Since Pythagoras, humanity has sought the principles of harmony in number. Yet neither pure ratios, nor the compromise of equal temperament, nor the abandonment of tonality, nor the mimicry of generative AI could answer the question: "Why must it be this sound?"

We now return to the origin. The principles of harmony do not reside solely in abstract formulas. They dwell in physical phenomena—and in the human ear and brain that receive them. Conchordal is an attempt to embody this fact through engineering. Here, sound is no longer symbol but an entity that behaves autonomously. The acoustic ecosystem and the terrain of human perception are directly bound; true co-creation between machine and human begins. Music returns from fixed recording to living phenomenon.

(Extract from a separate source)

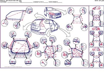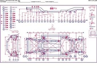 - Геометрические размеры кузова, как проекционные, так и непосредственного измерения, в том числе диагональные размеры проемов кузова и контрольные точки для восстановления геометрии.
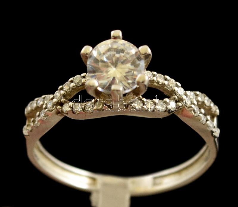 Leírás: Ezüst(Ag) gyűrű, apró szintetikus kövekkel, jelzett, méret: 57, bruttó: 2,1 g

The name "Conchordal" resonates with multiple meanings: concord (harmony), chordal (pertaining to harmony), conch (evoking the spiral cochlea of the inner ear), and coral. Just as a coral reef emerges from the autonomous activity of countless polyps, Conchordal's music arises from the local behaviors of individual agents. Its harmony is rooted directly in the spiral, shell-like cochlea—the human organ of hearing.

We present Conchordal to the world as one answer to contemporary music after the dissolution of harmony. It is at once a new art form and one response to fundamental questions: "What is human?" "What is creation?"